[Source data Boundary: Start]

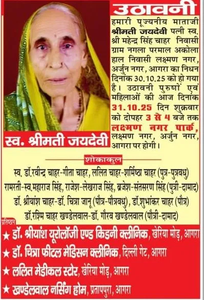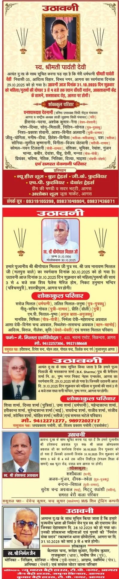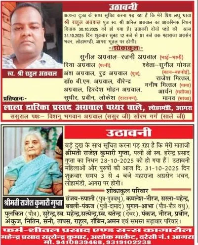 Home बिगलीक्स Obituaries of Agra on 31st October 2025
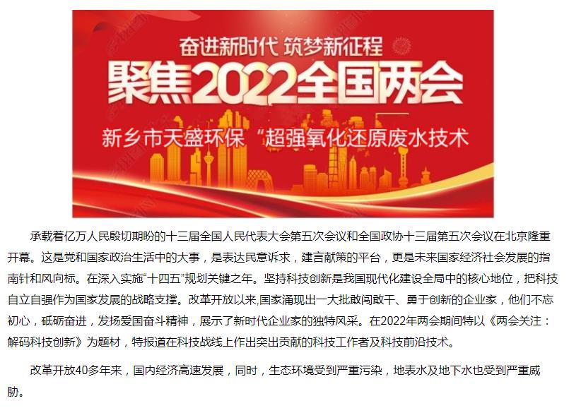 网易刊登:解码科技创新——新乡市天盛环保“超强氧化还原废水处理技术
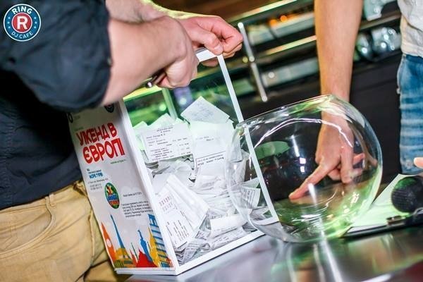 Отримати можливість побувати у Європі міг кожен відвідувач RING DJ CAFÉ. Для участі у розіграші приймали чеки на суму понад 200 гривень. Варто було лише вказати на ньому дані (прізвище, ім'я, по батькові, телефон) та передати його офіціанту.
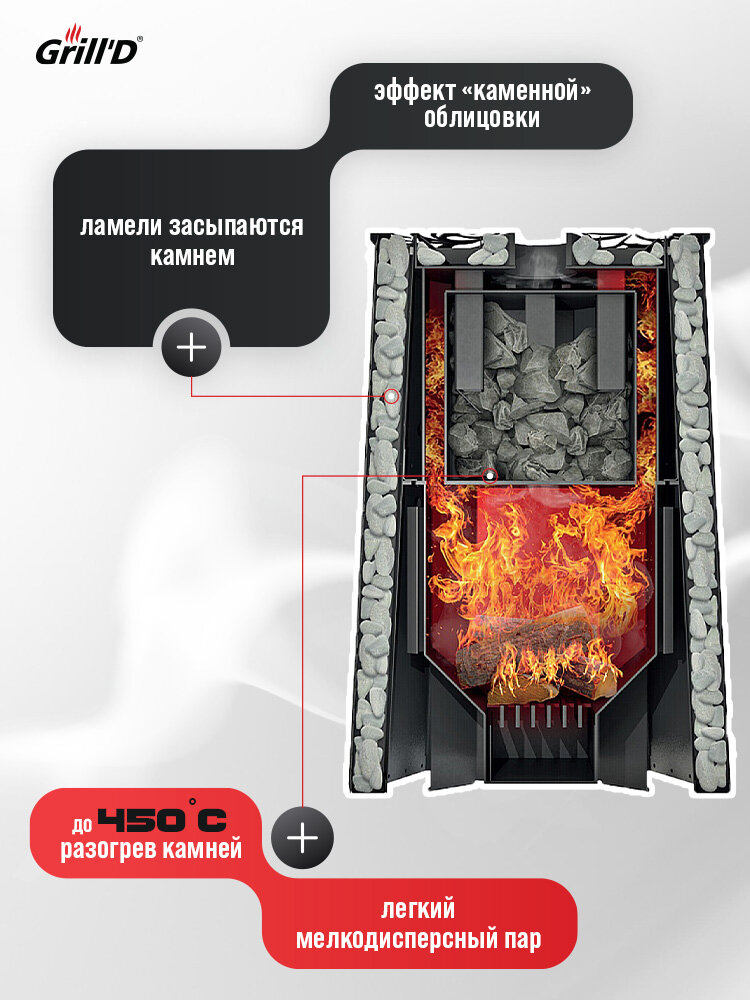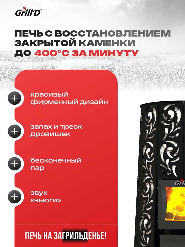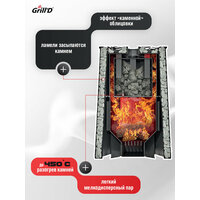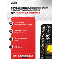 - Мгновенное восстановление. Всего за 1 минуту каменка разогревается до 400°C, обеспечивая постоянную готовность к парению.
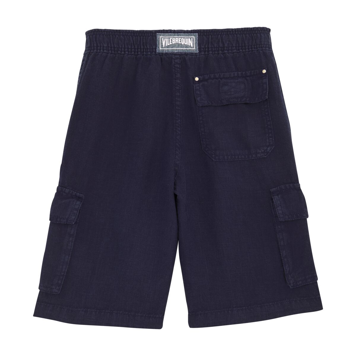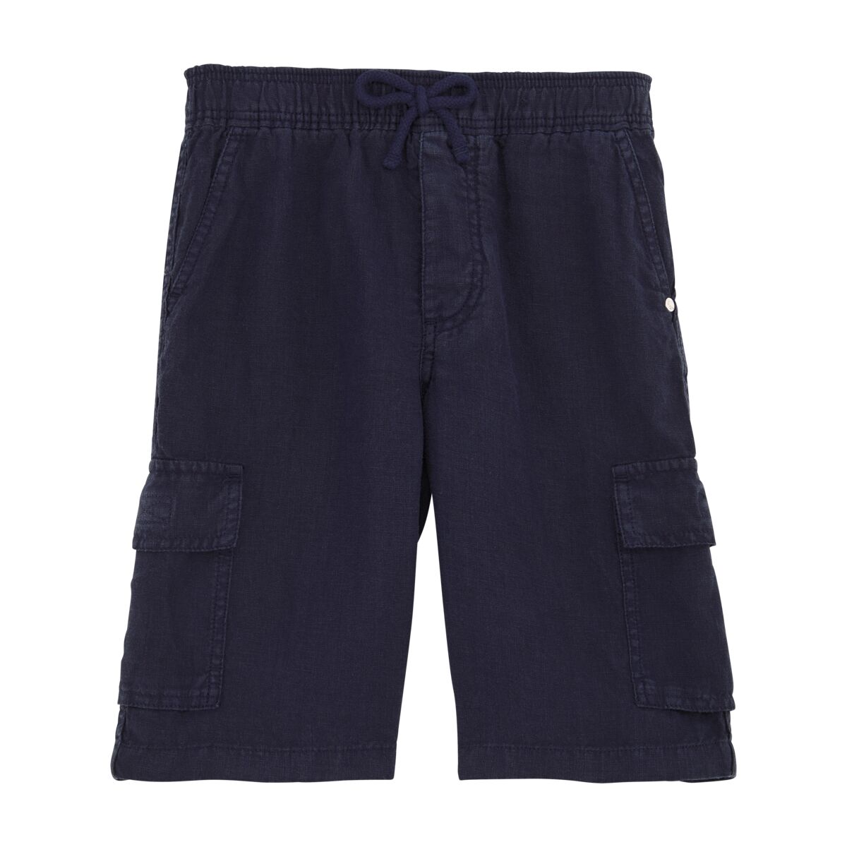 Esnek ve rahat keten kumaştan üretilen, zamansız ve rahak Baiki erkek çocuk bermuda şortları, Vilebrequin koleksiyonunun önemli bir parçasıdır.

[Source data Boundary: End]

Task objective:
Drop the pictures and reproduce the rest of the entries above exactly.

Solution below:
 Home बिगलीक्स Obituaries of Agra on 31st October 2025
 网易刊登:解码科技创新——新乡市天盛环保“超强氧化还原废水处理技术
 Отримати можливість побувати у Європі міг кожен відвідувач RING DJ CAFÉ. Для участі у розіграші приймали чеки на суму понад 200 гривень. Варто було лише вказати на ньому дані (прізвище, ім'я, по батькові, телефон) та передати його офіціанту.
 - Мгновенное восстановление. Всего за 1 минуту каменка разогревается до 400°C, обеспечивая постоянную готовность к парению.
 Esnek ve rahat keten kumaştan üretilen, zamansız ve rahak Baiki erkek çocuk bermuda şortları, Vilebrequin koleksiyonunun önemli bir parçasıdır.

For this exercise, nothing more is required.